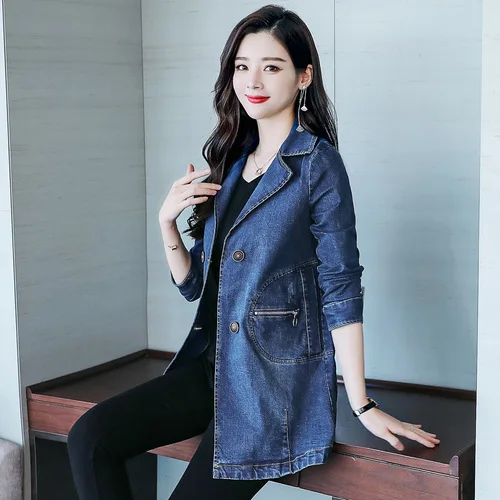 BEST Photo Shoot 2019 Spring And Autumn New Style Women's Long-Sleeve Korean-style Jeans Coat Mid-length
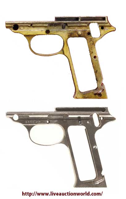 うむっ、鋭い指摘ですね、あそこの形状は中田の頃から見られますので中田モデルを開発中の作動テストの際にトリガーガード付け根が 折れてそこを補強した形に変更されたのかもしれませんね。だからのちのCMC、MJQも補強タイプに作った・・納得いく論理展開です。 貴重な、ご意見有難うございます。右の写真はクリック拡大します。MJQと実物フレーム写真を並べています。
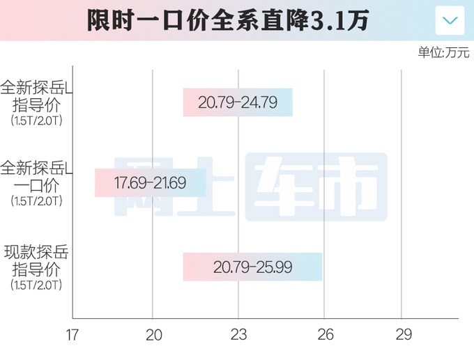 大众全新探岳L卖20.79-24.79万元!一口价降3.1万
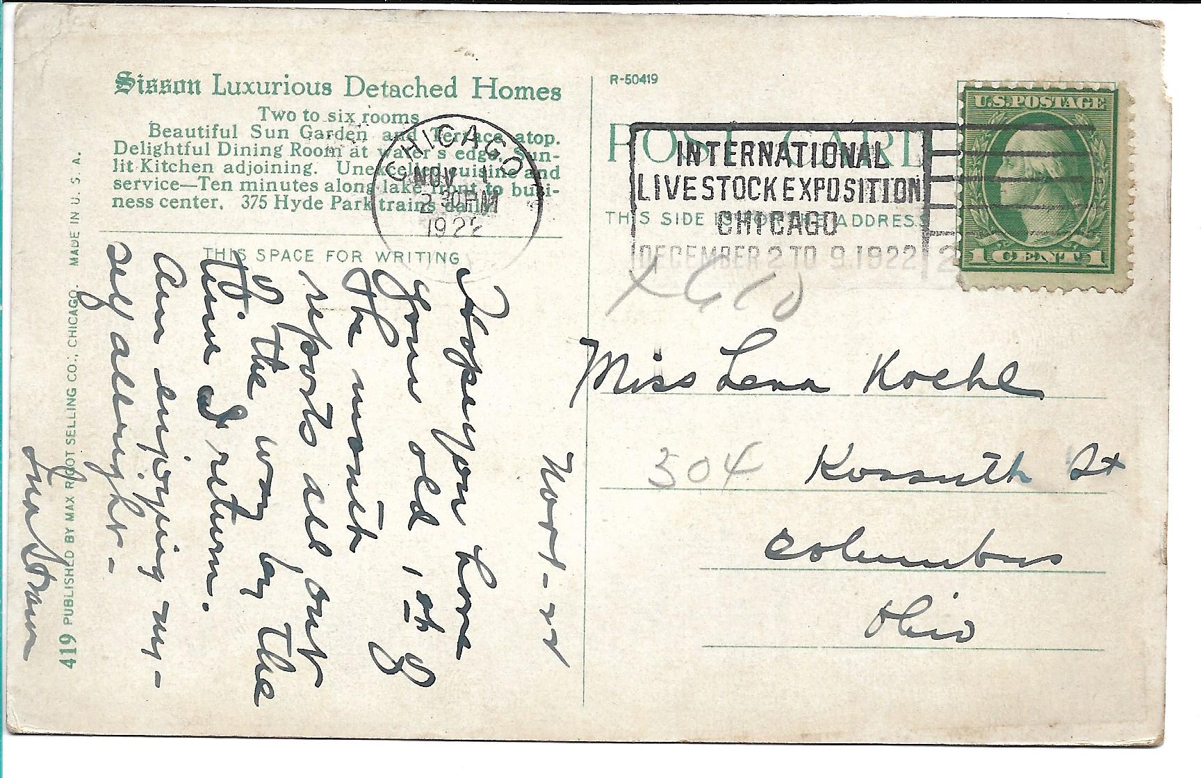 Sisson - Lake Michigan at Fifty-Third Street, Chicago International Livestock Exposition Cancel - Dec 2 to 9, 1922 Standard size US postcard. See scans. I ship your card in between two pieces of custom cut thin c ... Read More
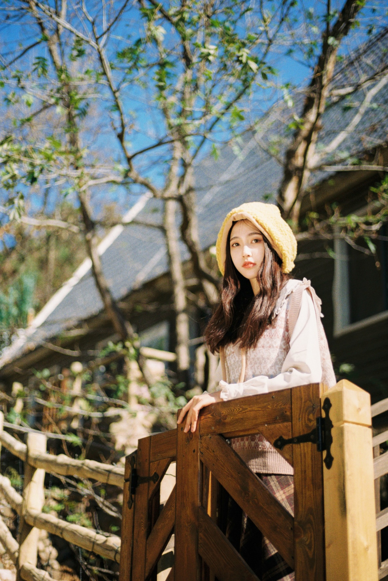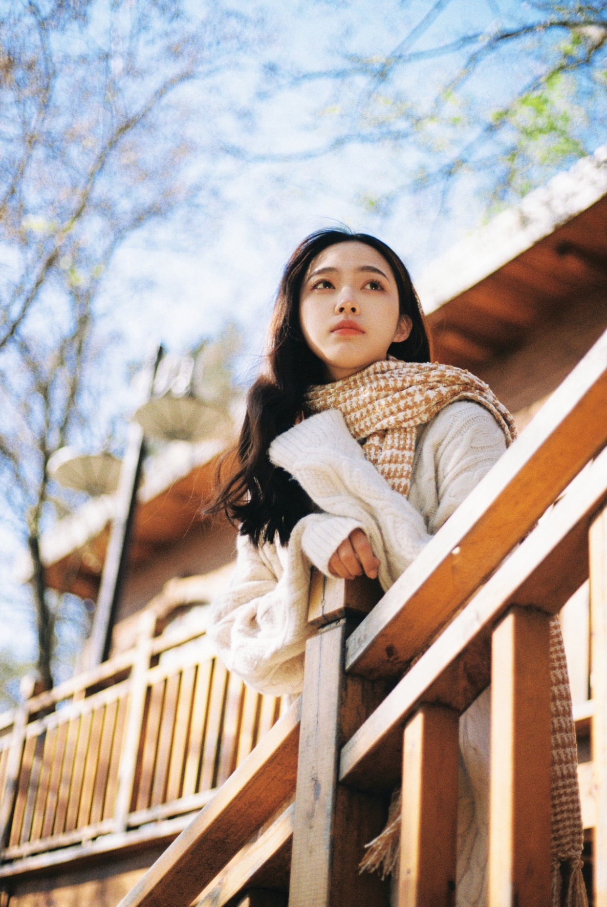 简洁画面的好方法除了背景虚化和近距离拍摄,低机位的仰拍也不错,当地面的景色比较杂乱时,可以适当地放低机位,仰拍人物,这样便能很好地化繁为简,从而突出美美的自己,记得收下巴才能避免拍出双下巴。
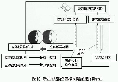 换言之它可针对观视者的位置将上述影像分割器的开口部位置,以及液晶显示器内的影像微调到最适当状态,如此无论立体观视远、近,观视者都可以观赏到三次元立体影像。根据液晶显示器上方的立体头部检测系统(stereo head track)所侦测有关的观视者二次元位置数据(前后左右),同时控制并切换液晶显示器左、右眼影像,以及影像分割器的开口部位置,对立体观视区以外的观视者则进行上述个别影像分割控制(图9)、(图10),其结果如图11所示前后方向的立体观视区比以往扩大三倍以上。
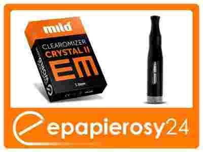 Bardzo popularny i sprawdzony system generowania dymu Clearomizer Crystal 2. W pełni rozbieralny. Czarna tulejka z tworzywa sztucznego wyposażona jest w specjalne podłużne okienko, pozwalające obserwować poziom płynu nikotynowego uzupełnianego „od góry”. Wymienny zespół grzewczy umiejscowiony w górnej części parownika. Precyzja wykonania i estetyczny wygląd to dodatkowe atuty Clearomizera Crystal 2 EM. Do napełniania urządzenia polecamy zakupienie liquidu Mild, Volish, LiQueen lub Provog.
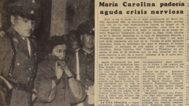Una tarde de abril de 1955, en el Hotel Crillón, la escritora María Carolina Geel protagonizó el crimen que terminó con la vida de su amante Roberto Pumarino. Los diarios de la época reaccionaron de inmediato ante este escándalo de la aristocracia chilena, buscando las razones tras los cinco disparos y vinculando el hecho con los libros de la autora.
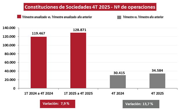 Las constituciones de sociedades aumentan un 13,7% en el último trimestre de 2025
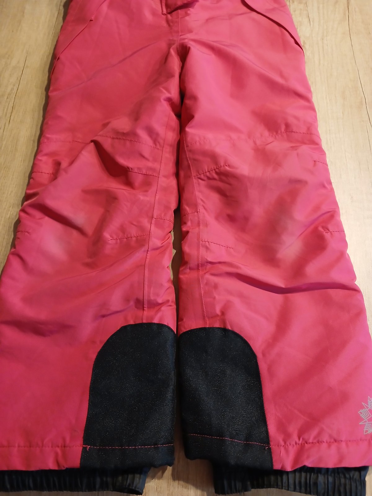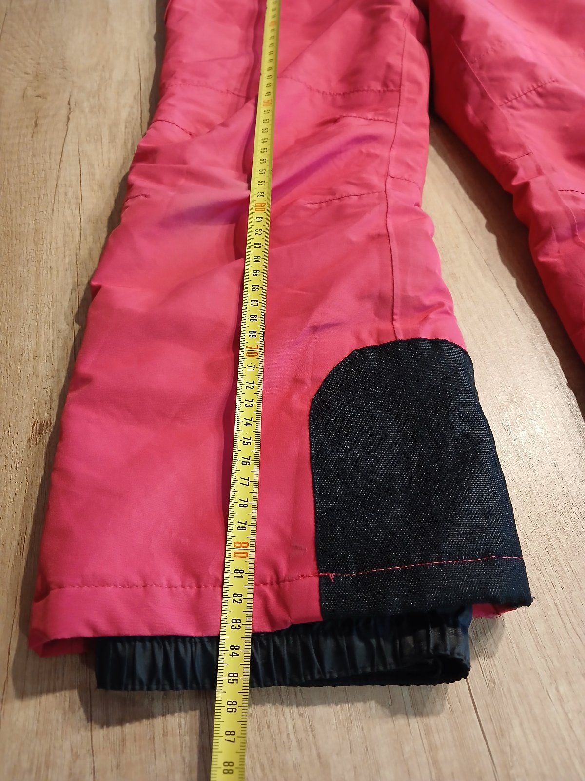 praktické ,teplé dívčí oteplovačky v.116,nastavitelné šle,vybledné,nějaký flíček, uvnitř dole v nohavicích ochrana proti sněhu a vodě,celkově v pořádku

━━━

• Problem requirements: Having found the line with "大众全新探岳L卖20.79-24.79万元!一口价降3.1万" and the line with "Sisson - Lake" in the material above, write out exactly those two and every line between, leaving the pictures out.

• Written response:
 大众全新探岳L卖20.79-24.79万元!一口价降3.1万
 Sisson - Lake Michigan at Fifty-Third Street, Chicago International Livestock Exposition Cancel - Dec 2 to 9, 1922 Standard size US postcard. See scans. I ship your card in between two pieces of custom cut thin c ... Read More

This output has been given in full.